"This book is not a how-to guide… but if it were, it would be incredibly effective."
Ever notice how some things are just… easier to take? From hotel robes to workplace pens, office biscuits to wine glasses at art galleries, the modern world is cluttered with small, unattended, unguarded treasures.
In this irreverent yet strangely enlightening guide, our anonymous author—a veteran of both pocketed goods and philosophical debates—walks readers through the ethics, psychology, and unexpected artistry of everyday appropriation. But beyond the cheeky laughs and “how-not-to-get-caught” wisdom, the book asks a deeper, more provocative question: what actually is theft?
Amongst the areas explored are:
Low-Risk Larceny
A categorized list of “unmissed” items—from café teaspoons to lost-and-found sunglasses. If no one claims it… does it still count?
The Hospitality Heist
Why hotels are treasure troves for everything from mini shampoos to entire throw pillows. (Bonus: a ranking of which chain hotels are the most “souvenir-friendly.”)
Return Policy Piracy
How major retailers accidentally incentivize you to “borrow” household items and then return them 29 days later—plus a guide to navigating the fine print.
The Free Sample Economy
From skincare counters to food courts, discover how to live like royalty on a buffet of samples, tasters, testers, and trial-sized indulgences.

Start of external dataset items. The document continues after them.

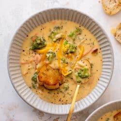 Finally, I like to serve this with some little garlicky toasts. It’s like a giant crouton in the soup and it is SO delicious. Broccoli cheddar soup in a bread bowl is on another level, right? This is like that; the crostini soaks up the soak in the best way and it is just another vehicle to get it into your mouth.
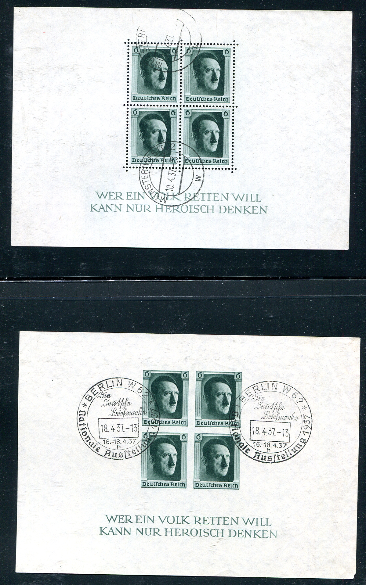 Octet of used Third Reich era souvenir sheets including the Horse Race (plus the Brown Ribbon overprint), the 1936 Berlin summer Olympics duo and four featuring Adolf Hitler. All have contemporary commemorative cancels. A couple with original gum, one of the Hitler sheets with a tiny nick in the upper right corner, otherwise far better than normally seen of this type, which is prone to wrinkling and edge damage. 2024 Scott US$415.50 =
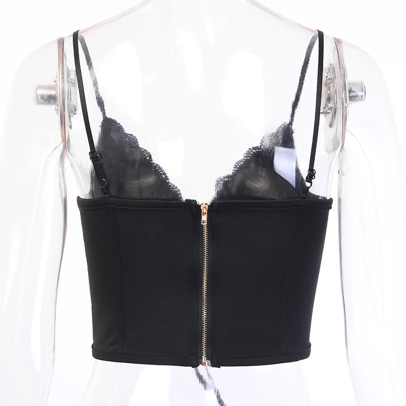 Женская майка на тонких бретелях InsGoth, кружевная, Черная

Libraries, Loopholes & Lost Property
A brief history of overdue books that were never coming back, and the strange places where "forgotten" items become free for the taking.
Robin Hood or Retail Menace?
A playful but pointed look at the idea of stealing from the rich to give to the slightly less rich. Does corporate theft even count as theft when profits come from exploited labor and underpaid workers?

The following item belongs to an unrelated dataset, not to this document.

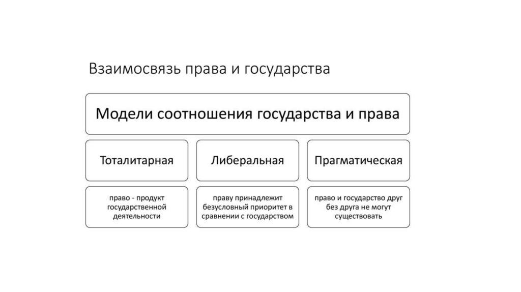 Прагматическая модель В понятии ТГП соотношение и взаимосвязь государства и права,

Redefining Theft: Marx, Markets & Moral Panic
Here the gloves come off. Referencing the famous anarchist slogan “All Property is Theft” and Marxist critiques of capital, this chapter questions why the state polices shoplifting with such fervor, while wage theft, gentrification, and tax avoidance get a corporate shrug. Who’s really robbing whom?
Workplace Wonders
Ever brought your own pens to work and left with fewer than you started? This chapter will make you feel better about it.
Gray Zones & Glorious Excuses
Charging your phone in a store. Taking extra napkins. Leaving with the office stapler on your last day. If morality is a spectrum, this is the warm, cozy middle.

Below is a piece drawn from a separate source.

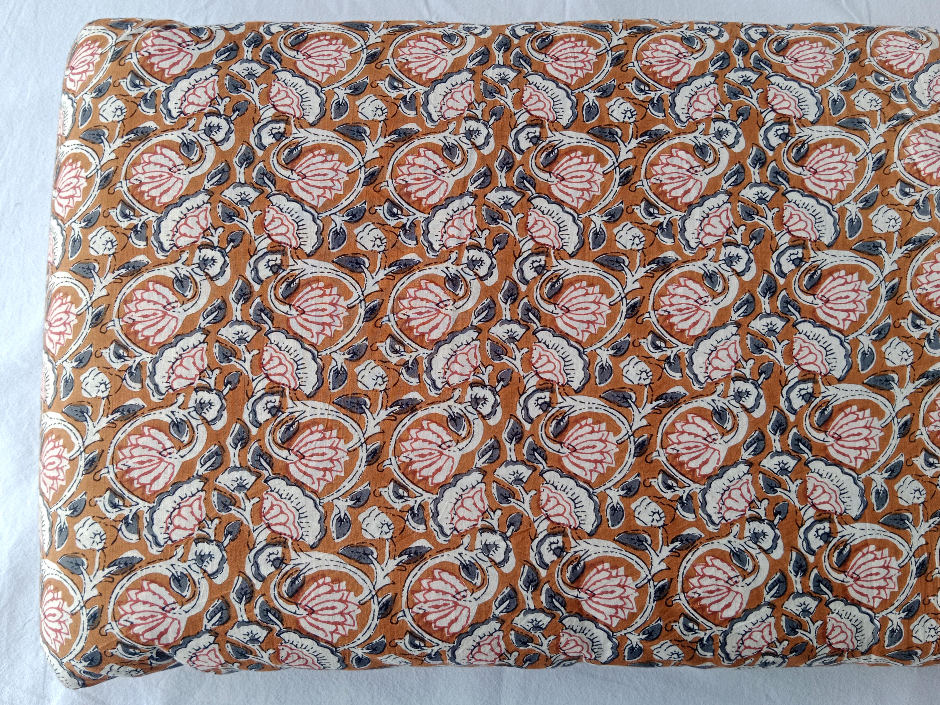 Hand Block Printed Cotton Fabric, Floral Print, Indian Textile

A Kleptomaniac’s Guide to Easy Things to Steal is a mischievous manual for modern mischief—but also a smart, subversive invitation to rethink what “stealing” really means in a world where value is unevenly distributed and ownership is often just power by another name.
There is no price printed on this book.
If that bothers you, you probably shouldn’t be reading it.
If it delights you—well, you know what to do.